"buffer exceeded max size" when reading JSON array via auto-detect #3865

philrz · 2022-04-30T19:38:30Z

Repro is with Zed commit 6288fa9 with the attached test data nfcapd.json.gz which consists of a JSON array of NetFlow records.

Prior to #3555 (cc: @nwt), this input data was auto-detected as JSON and the elements were treated as individual records, such that the following worked ok.

$ zq -version
Version: v0.33.0-167-g06c8ed11

$ zq -z 'head 1' nfcapd.json.gz 
{app_latency:0,cli_latency:0,dst4_addr:"10.47.2.154",dst_port:58331,export_sysid:0,fwd_status:0,in_bytes:313,in_packets:1,label:"<none>",proto:17,sampled:0,src4_addr:"10.0.0.100",src_port:53,src_tos:0,srv_latency:0,t_first:"2018-03-23T12:58:22.641",t_last:"2018-03-23T12:58:22.641",tcp_flags:"........",type:"FLOW"}

However, ever since #3555, the input's original array-ness is preserved, so now I'd need to apply over this to remove the array layer. This makes sense, but now auto-detect fails to get past the input phase successfully.

$ zq -version
Version: v1.0.0-72-g6288fa9e

$ zq -z 'over this | head 1' nfcapd.json.gz 
nfcapd.json.gz: format detection error
	zeek: line 1: bad types/fields definition in zeek header
	zjson: line 1: unexpected end of JSON input
	zson: parse error: string literal: buffer exceeded max size trying to infer input format
	zng: zngio: unknown compression format 0x7b
	zng21: zng type ID out of range
	csv: line 1: no comma found
	json: buffer exceeded max size trying to infer input format
	parquet: auto-detection not supported
	zst: auto-detection not supported

I can make it work again if I can add the explicit -i json, but I'm curious if this limitation with auto-detect could be seen as a bug or undesirable limitation that could be addressed. Imagining a future of users bringing arbitrary inputs to the tooling, it does seem like being forgiving with auto-detect is a desirable goal.

The wider context is that I've been drafting updates to the Custom Brimcap Config wiki article, which currently shows example command lines that depended on the previous ability to successfully auto-detect this JSON input. Due to known Brimcap limitation brimdata/brimcap#80, the option of explicitly specifying the equivalent of -i json on a brimcap analyze command line is not currently available, so I can't employ the same workaround as I would for zq. However, if the limitation identified here is deemed too difficult to address in the short term, I could revise the article to work around it for now in another way, such as perhaps using CSV input as it had in the past.

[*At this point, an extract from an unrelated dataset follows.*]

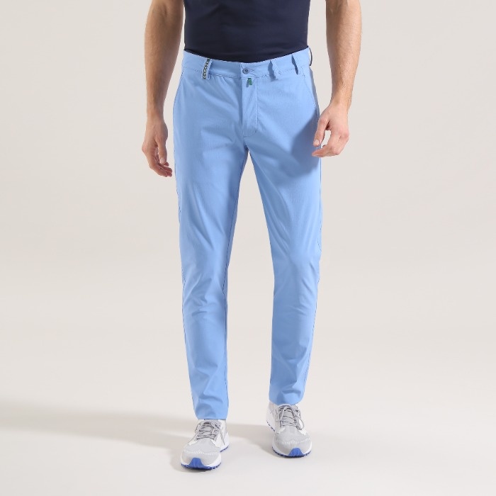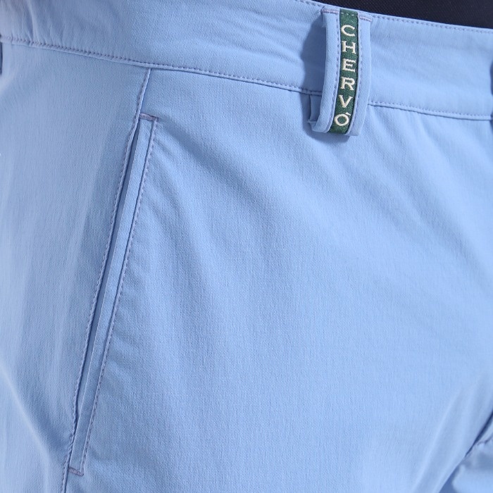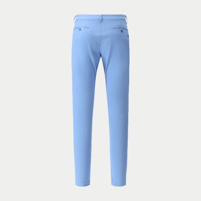 UVカット機能のついた無地のパンツ。裾幅は17㎝。後ろのポケット口は両玉縁タイプ。右後ろポケットサイドにRマークの刺繍があります。

The text was updated successfully, but these errors were encountered:

philrz · 2022-09-21T22:14:45Z

One of the approaches proposed to improve on this is for the tooling to recognize the file extension .json and hence use the JSON reader rather than auto-detect in that case.

philrz · 2023-07-19T16:01:57Z

A user in a public Slack thread just bumped into this problem and thought of the same heuristic we did about recognizing the .json extension.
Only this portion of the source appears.